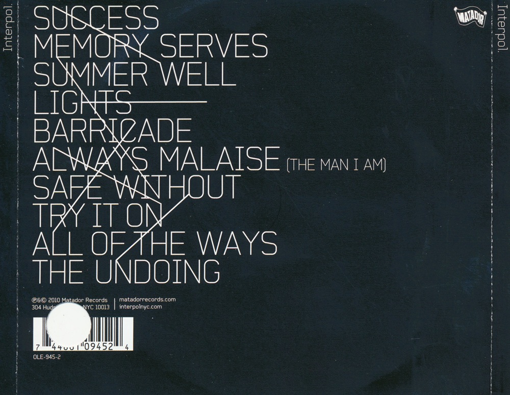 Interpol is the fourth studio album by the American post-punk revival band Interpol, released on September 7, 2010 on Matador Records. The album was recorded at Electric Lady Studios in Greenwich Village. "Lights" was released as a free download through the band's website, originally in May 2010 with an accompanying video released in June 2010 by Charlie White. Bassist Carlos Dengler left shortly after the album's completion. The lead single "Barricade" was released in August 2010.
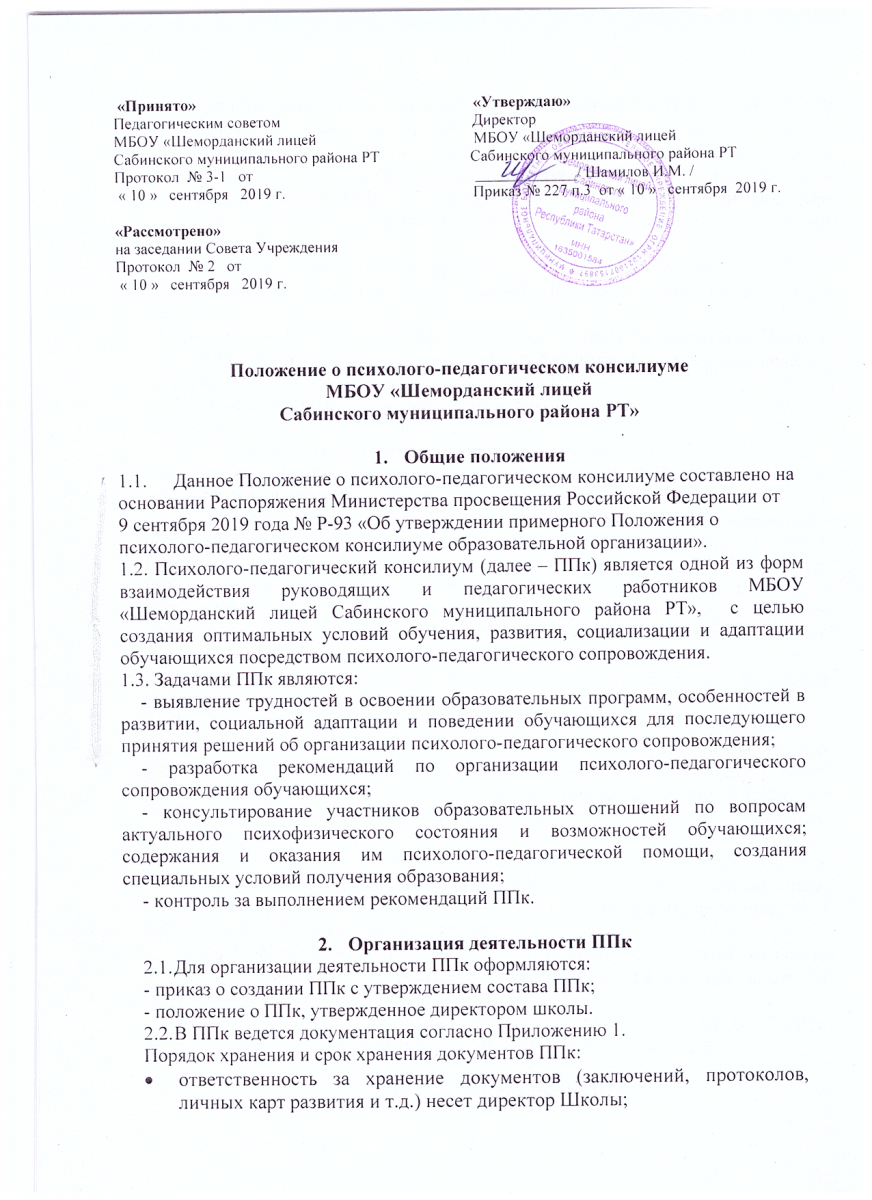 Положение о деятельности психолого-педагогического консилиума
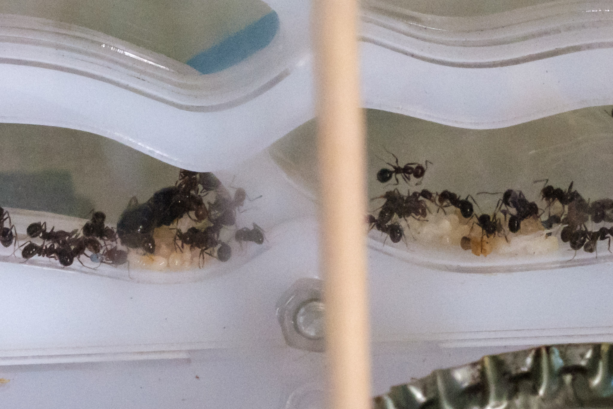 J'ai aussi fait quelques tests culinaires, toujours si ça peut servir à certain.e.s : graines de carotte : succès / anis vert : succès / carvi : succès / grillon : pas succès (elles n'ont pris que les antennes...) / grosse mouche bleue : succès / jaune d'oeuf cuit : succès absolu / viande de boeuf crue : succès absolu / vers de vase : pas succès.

→ Work request: Return all material verbatim, pictures omitted.

→ Written answer:
 Interpol is the fourth studio album by the American post-punk revival band Interpol, released on September 7, 2010 on Matador Records. The album was recorded at Electric Lady Studios in Greenwich Village. "Lights" was released as a free download through the band's website, originally in May 2010 with an accompanying video released in June 2010 by Charlie White. Bassist Carlos Dengler left shortly after the album's completion. The lead single "Barricade" was released in August 2010.
 Положение о деятельности психолого-педагогического консилиума
 J'ai aussi fait quelques tests culinaires, toujours si ça peut servir à certain.e.s : graines de carotte : succès / anis vert : succès / carvi : succès / grillon : pas succès (elles n'ont pris que les antennes...) / grosse mouche bleue : succès / jaune d'oeuf cuit : succès absolu / viande de boeuf crue : succès absolu / vers de vase : pas succès.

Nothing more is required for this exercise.